A director of a Vancouver-based charity says it has made a “fair market value" offer for two notorious hotels on the city’s Downtown Eastside, saying it wants to repair the rundown buildings and operate them as low-cost rental housing.
Heritage Charitable Foundation made unsolicited offers for both the Regent and Balmoral hotels last week, foundation director Lisa Giesbrecht said on Monday.
The buildings are owned by Vancouver’s Sahota family.
Ms. Giesbrecht would not disclose the offer amounts, but said the offers are subject to several conditions, including arranging financing and the city giving up its plans to expropriate the buildings.
She maintained that her group – which is linked to other non-profit groups that run existing low-cost housing, including at least one building owned by the Sahotas – could bring the two buildings into decent repair and run them as low-cost housing for less money than the city or province would spend.
“We are confident in our privately financed ways that we can go faster and cheaper [than public-sector renovation],” Ms. Giesbrecht said.
“I admire all forms of supportive housing but I must say that government forms, when you’re sitting in our seat … we definitely do it on the faster and cheaper side,” she said.
The offers throw a new wrinkle into the saga of the two buildings, which sit across the street from each other on East Hastings Street and for decades provided low-cost rental units, even as residents and housing advocates complained of chronic pests, disrepair and fire safety violations.

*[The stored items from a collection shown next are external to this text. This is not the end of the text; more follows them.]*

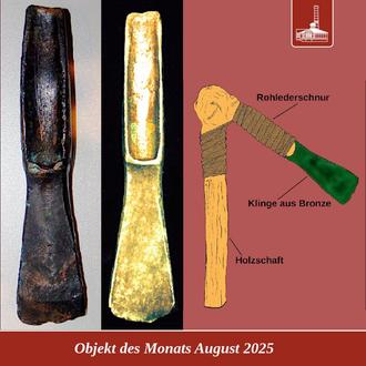 Es wird gesagt, die Menschheit zeichnet die Verwendung und Herstellung von Werkzeug aus. So soll als Objekt des Monats diesmal das zweitälteste Werkzeug der Ausstellung im Stadtmuseum näher beleuchtet werden. Es handelt sich um ein bei Schachtarbeiten in einem Garten in Oberzella gefundenes Beil der mittleren Bronzezeit, ein sogenanntes Absatzbeil.
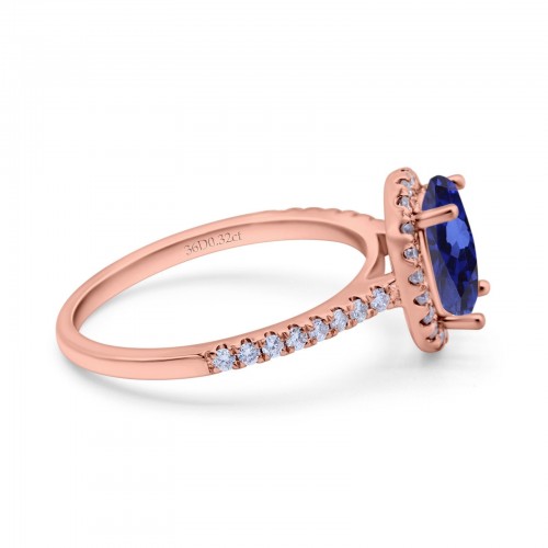 14K Rose Gold 0.93ct Oval Nano Blue Sapphire G SI Diamond Engagement Ring Size 6.5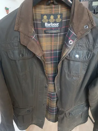 Chaqueta Barbour de estilo clásico, perfecta para el día a día. Presenta un forro interior a cuadros característico de la marca. - Cierre de cremallera y botones a presión. - Bolsillos frontales con solapa. - Cuello de pana. - Diseño encerado.
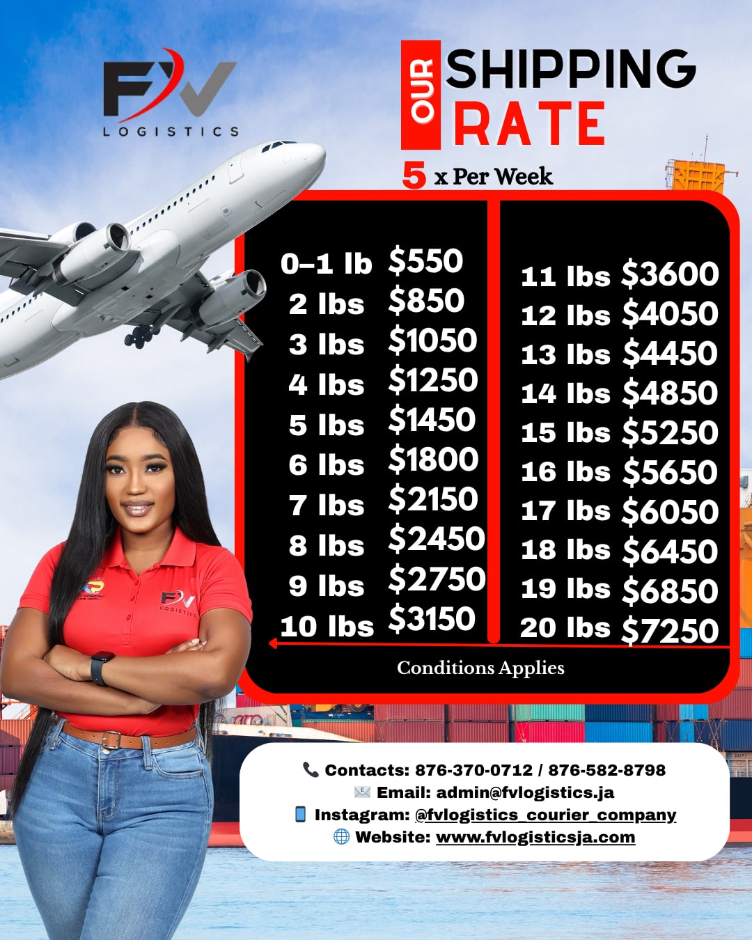 After your package arrives at our Florida warehouse and is logged into our system, it typically takes 3 to 5 business days to reach Jamaica and clear customs. In terms of our shipping schedule, we ship two or three times a week by air on Tuesdays, Thursdays, and Saturdays and once a week by sea on Thursdays. Please note that these days may vary. If there are any delays, we will promptly notify our customers.

The city ordered the Balmoral to close in June, 2017, and the Regent to shut a year later, in June, 2018. The following month, the city announced plans to expropriate the two buildings.
Since then, the process has largely moved out of public view. Last August, the owners challenged the process by asking for an inquiry, as set out in B.C.'s Expropriation Act, arguing the city had failed to negotiate in good faith with the owners.

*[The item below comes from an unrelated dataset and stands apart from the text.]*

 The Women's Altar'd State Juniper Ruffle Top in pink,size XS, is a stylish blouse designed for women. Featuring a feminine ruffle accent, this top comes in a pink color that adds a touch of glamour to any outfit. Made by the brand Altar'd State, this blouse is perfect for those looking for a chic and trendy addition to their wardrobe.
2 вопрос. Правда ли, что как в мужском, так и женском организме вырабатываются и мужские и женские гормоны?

By this past April, when The Globe and Mail asked the city about the status of dozens of bylaw charges against the two buildings, the city said the owners’ request for an inquiry had been withdrawn. The bylaw charges, it turned out, had been settled months earlier, in November, 2018, when the Sahotas pleaded guilty to a majority of charges and agreed to pay a fine of $150,000 and another $25,000 to two neighbourhood charities.

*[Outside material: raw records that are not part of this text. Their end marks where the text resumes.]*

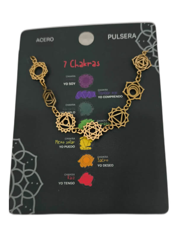 Pulsera con cuentas policromadas que representan los siete chakras, montadas sobre una base de acero con baño dorado. Las cuentas muestran tonos vibrantes y el acabado pulido le aporta un brillo elegante; su peso es ligero para un uso cotidiano y la estructura resistente mantiene la forma.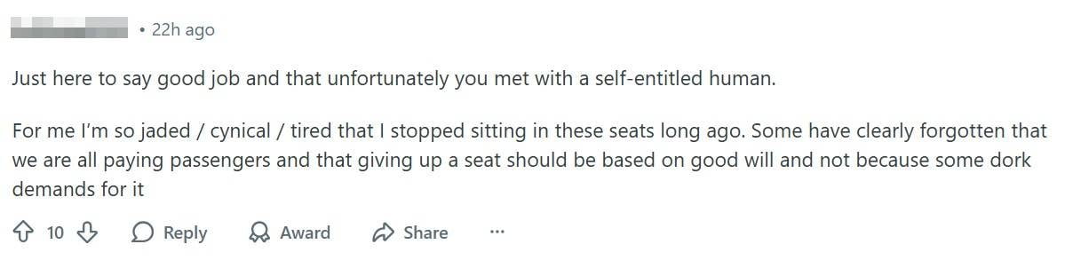 A commenter shared that they stopped sitting on reserved seats on the train a long time ago due to being “jaded”.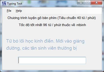 Typing Test là một công cụ hữu ích để rèn luyện kỹ năng gõ bàn phím Tiếng Việt. Đa số các ứng dụng luyện gõ hiện có thường tập trung vào ngôn ngữ Anh và thiếu khả năng tùy chỉnh nội dung luyện tập. Tuy nhiên, Typing Test đáp ứng đầy đủ các yêu cầu này.

That settlement didn’t sit well with housing advocates, who questioned whether the city had given up leverage.
The city, meanwhile, said its legal options were limited.
In court recordings of that hearing accessed by The Globe, city lawyers argued the penalty was the largest handed out in history for such bylaw violations and would be a deterrent for problem landlords. And city solicitor W. Robert LeBlanc said the expropriation process means “the end is near with respect to the offers on these two buildings.”
The buildings have an assessed value of about $3.2-million each as of July, 2018. The assessed value of both buildings has plummeted since the city ordered them closed, reflecting the loss of rental revenue. The Regent, for example, had an assessed value of $12.2-million before it was closed.
Efforts to reach the Sahotas were unsuccessful.
Vancouver Mayor Kennedy Stewart declined to comment Monday because, his spokesperson said, the expropriation process continues.
City Councillor Jean Swanson, a long-time activist for affordable housing, echoed the mayor’s privacy concerns and declined to comment. She said, however, that much more federal and provincial funding is needed to house the more than 2,000 people recently counted as “sleeping rough” in the city, an official tally that likely underrepresents the total number of homeless people.
“It’s way cheaper to house them than to keep them on the street,” Ms. Swanson said.